• **Aim of the exercise**: In the listing below, find the line containing "Inheritance diagram for" and the line containing "紧身裤塑出小翘臀 灰白打底裤百搭修身_", then copy exactly everything from the first through the second, except the pictures.

• **Data provided**:
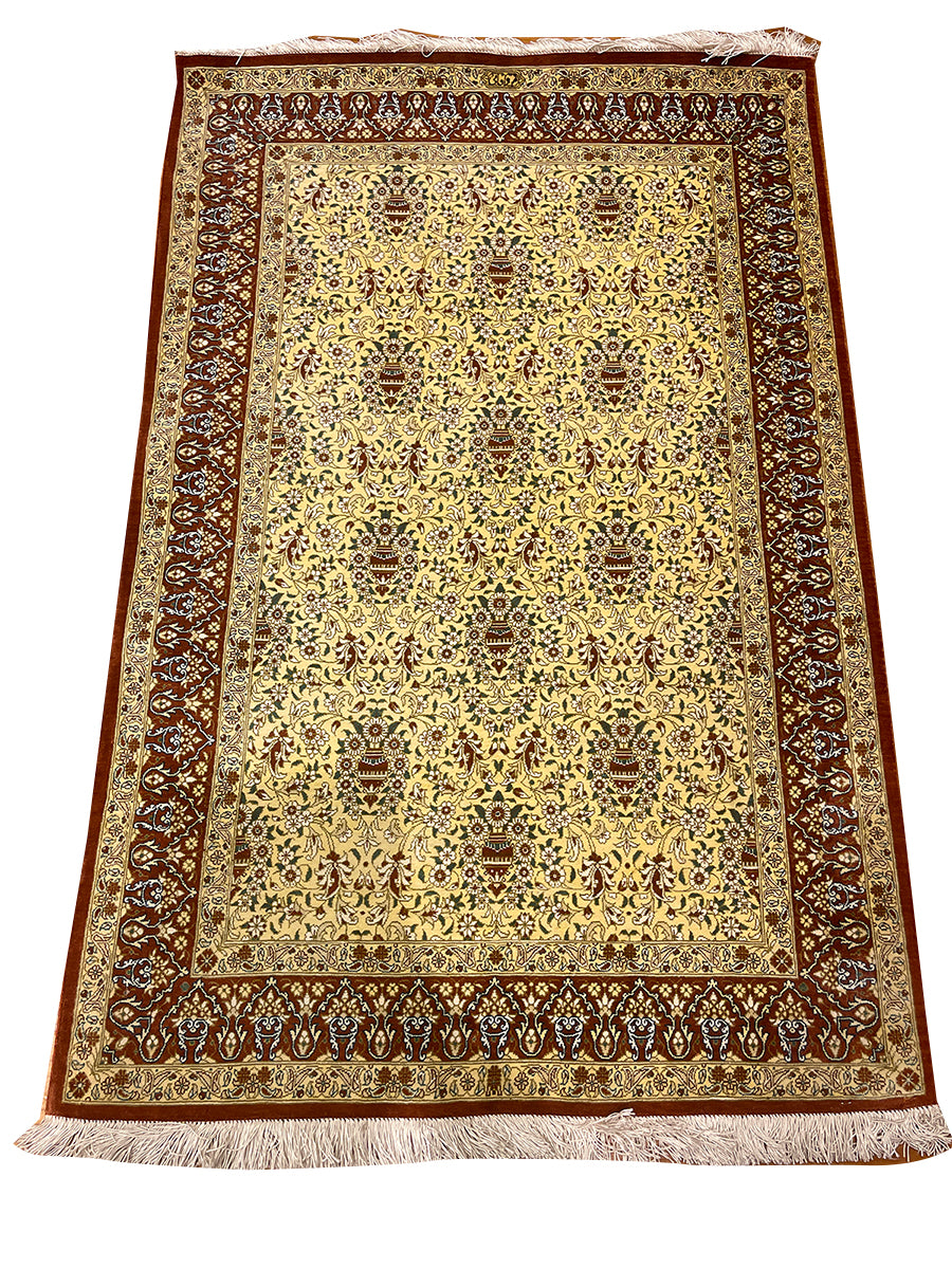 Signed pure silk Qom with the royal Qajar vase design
--
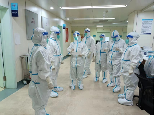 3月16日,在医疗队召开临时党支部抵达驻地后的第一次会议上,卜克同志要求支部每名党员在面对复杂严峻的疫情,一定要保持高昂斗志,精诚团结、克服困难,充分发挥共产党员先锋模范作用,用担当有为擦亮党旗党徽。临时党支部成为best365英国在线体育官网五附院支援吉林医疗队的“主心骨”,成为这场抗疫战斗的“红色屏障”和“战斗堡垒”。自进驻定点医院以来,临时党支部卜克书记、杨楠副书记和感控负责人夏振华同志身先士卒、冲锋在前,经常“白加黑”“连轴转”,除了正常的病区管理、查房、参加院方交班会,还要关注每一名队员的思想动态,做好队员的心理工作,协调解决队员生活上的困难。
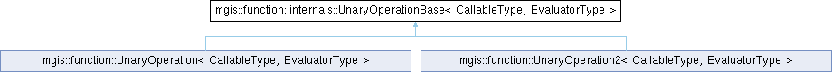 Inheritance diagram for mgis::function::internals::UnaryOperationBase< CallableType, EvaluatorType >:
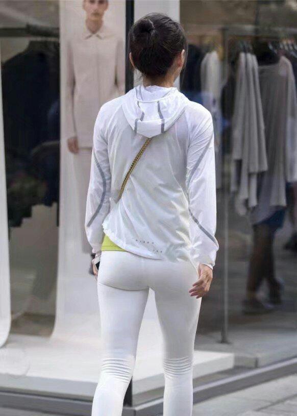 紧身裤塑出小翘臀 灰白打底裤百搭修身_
---
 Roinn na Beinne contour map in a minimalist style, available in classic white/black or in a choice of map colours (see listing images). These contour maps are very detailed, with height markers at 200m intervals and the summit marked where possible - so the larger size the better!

• **Answer to this exercise**:
 Inheritance diagram for mgis::function::internals::UnaryOperationBase< CallableType, EvaluatorType >:
 紧身裤塑出小翘臀 灰白打底裤百搭修身_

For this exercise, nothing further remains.